By: Amy Xiang
ACLP Fundraising Manager Andie Pinga has lived all over the world, but one thing each place has in common is a sense of community. Whether it’s Vietnam, where she spent the majority of her childhood, the Massachusetts boarding school she attended with the motto “not for self,” or her current home in small-town Vermont, where neighbors depend on each other, Andie strives to be part of a purpose greater than herself.
“I'm really grateful to have gotten that kind of exposure growing up. It really opened my worldview and made me curious and open-minded about different cultures around the world,” Andie said.
When it came time for college, Andie knew she wanted a place where she would be free to explore her interests and passions, and, just as importantly, she wanted a diverse community with people from all over the world. Coming to Penn, however, was unexpected.
“I've always wanted to experience living in a city, but I never really considered Penn because I thought it was too pre-professional,” Andie said. “But, once I learned more about the school, I realized that Penn provides so many opportunities to pursue whatever career option that you choose.”
Andie is undecided but considering a major in economics and a minor in either anthropology or sociology. After college, she hopes to work with international development, addressing issues such as food security, education, or gender empowerment in communities abroad.
To pass time in quarantine, Andie has picked up both new and old hobbies. She has been playing the guitar more frequently and has also discovered a love for gardening, adding that her favorite vegetables to grow are cherry tomatoes and eggplants.

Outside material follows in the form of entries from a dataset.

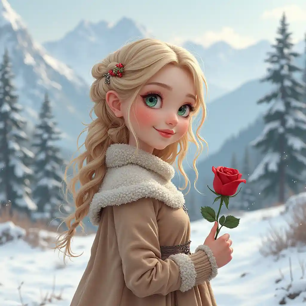 Mwanamke Anayecheka na Rose Katika Milima Yenye Theluji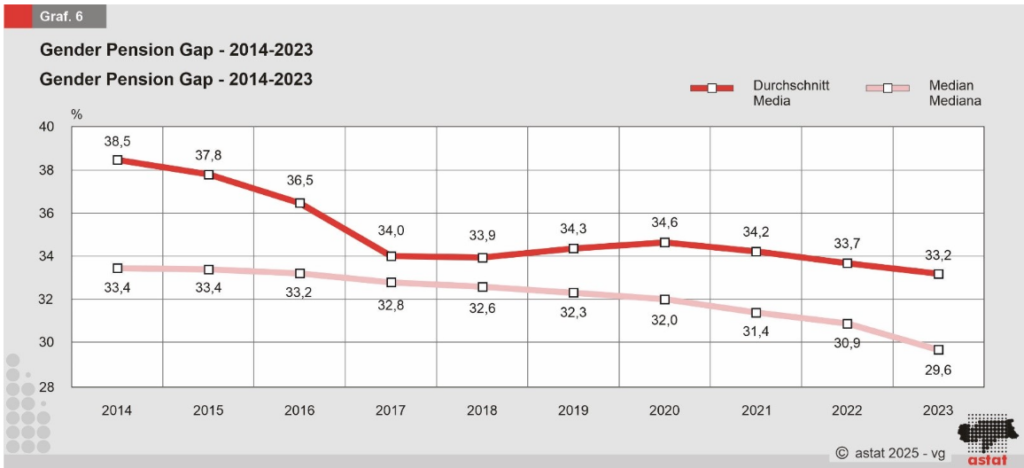 Der sogenannte „Gender Pension Gap“, also die Rentenlücke zwischen Frauen und Männern, war weiterhin groß, wenn auch rückläufig. Der Unterschied bei den durchschnittlichen Renten liegt 2023 bei 29,6 Prozent, der Median sogar bei 33,2 Prozent.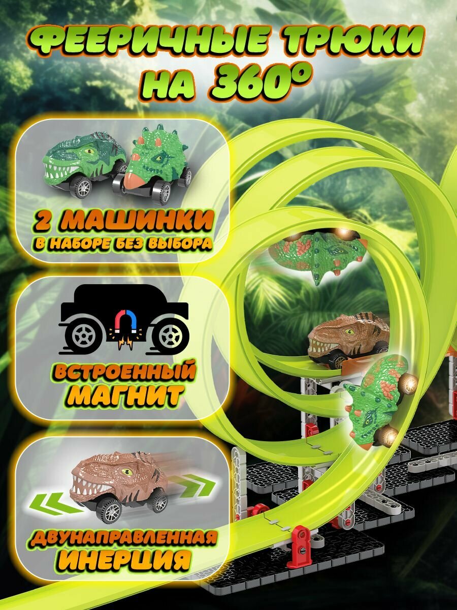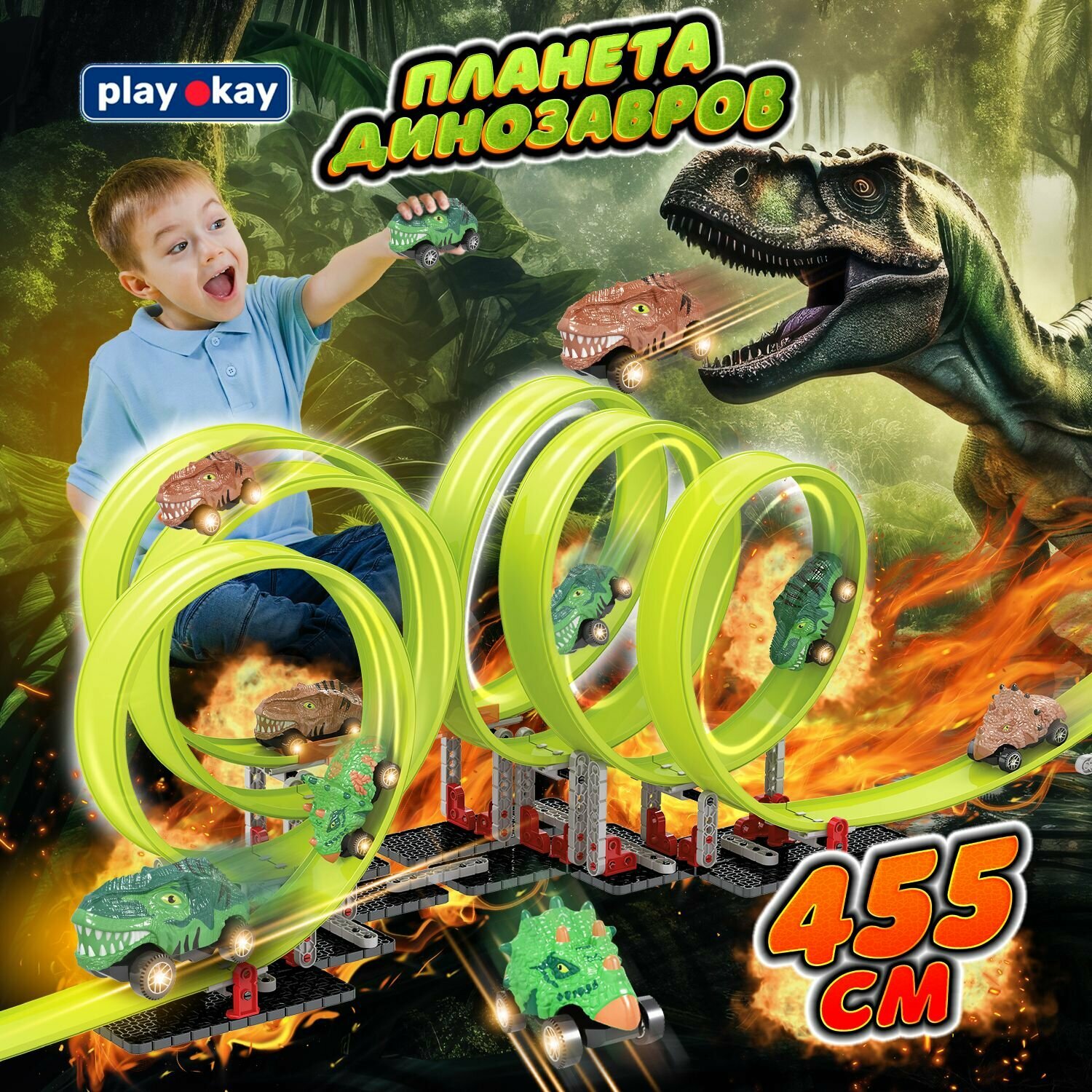 10 цен на Автотрек с машинками динозаврами на магнитах Play Okay, гибкий детский гоночный трек Мертвая петля, 99 деталей

Outside of academics, Andie is the co-director of internal affairs for Penn Phillippine Association and a senior deputy for Penn Dems, through which she is involved with a Penn Action Team advocating for education equity funds for Philly public schools. She also designs advertisements for The Daily Pennsylvanian and is a member of the club water polo team.

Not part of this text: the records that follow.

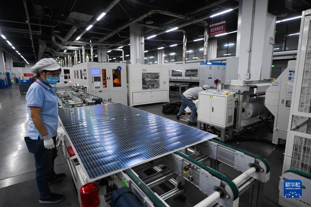 1月10日,在位于嘉興秀洲光伏小鎮內的一家科技有限公司,工人在查看剛生產(chǎn)出來(lái)的光伏設備組件。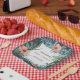 Whimsical Floral Salmon Blue Green Wedding Pappteller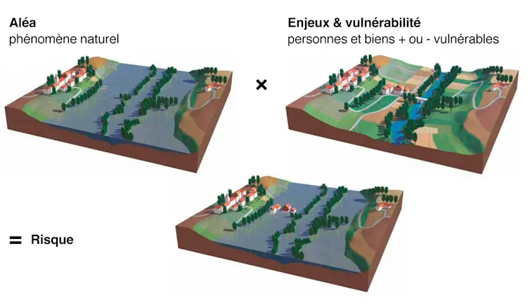 En effet, le risque d’inondation correspond à la conjugaison, en un même lieu, d’un aléa (phénomène naturel aléatoire comme l’inondation) avec les enjeux (humains, biens, économiques et environnementaux) susceptibles de subir des dommages. L’ampleur du risque dépend fortement de la vulnérabilité des enjeux exposés, autrement dit de leur résistance face à un évènement donné.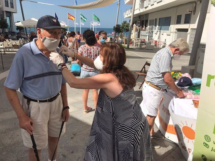 A lo largo de esta mañana de este sábado, la asociación "Rota Lucha contra el Cáncer", Rolucan, está situada en la plaza Jesús Nazareno, en plena Costilla, una de las bajadas a la playa con más trasiego de público, para informar a los ciudadanos sobre los peligros de tomar el sol sin protección.

“In my work with the Penn Action Team, I got to learn more about the public school situation in Philly and the lack of resources provided to students, so I think working with ACLP is a great way to directly support students in their education,” Andie said.
As the fundraising manager, Andie is excited to find ways for the outside community to get involved with ACLP and raise money for the program. What she is looking forward to the most, however, is getting to know the students and creating a welcoming environment for them.
“Something I wish I realized earlier in my life is that spaces to learn about and celebrate your culture are extremely important and you should definitely take advantage of them,” Andie said, adding that she hopes students will see ACLP not only as a college preparatory program, but also as a safe space to discuss their African immigrant experiences.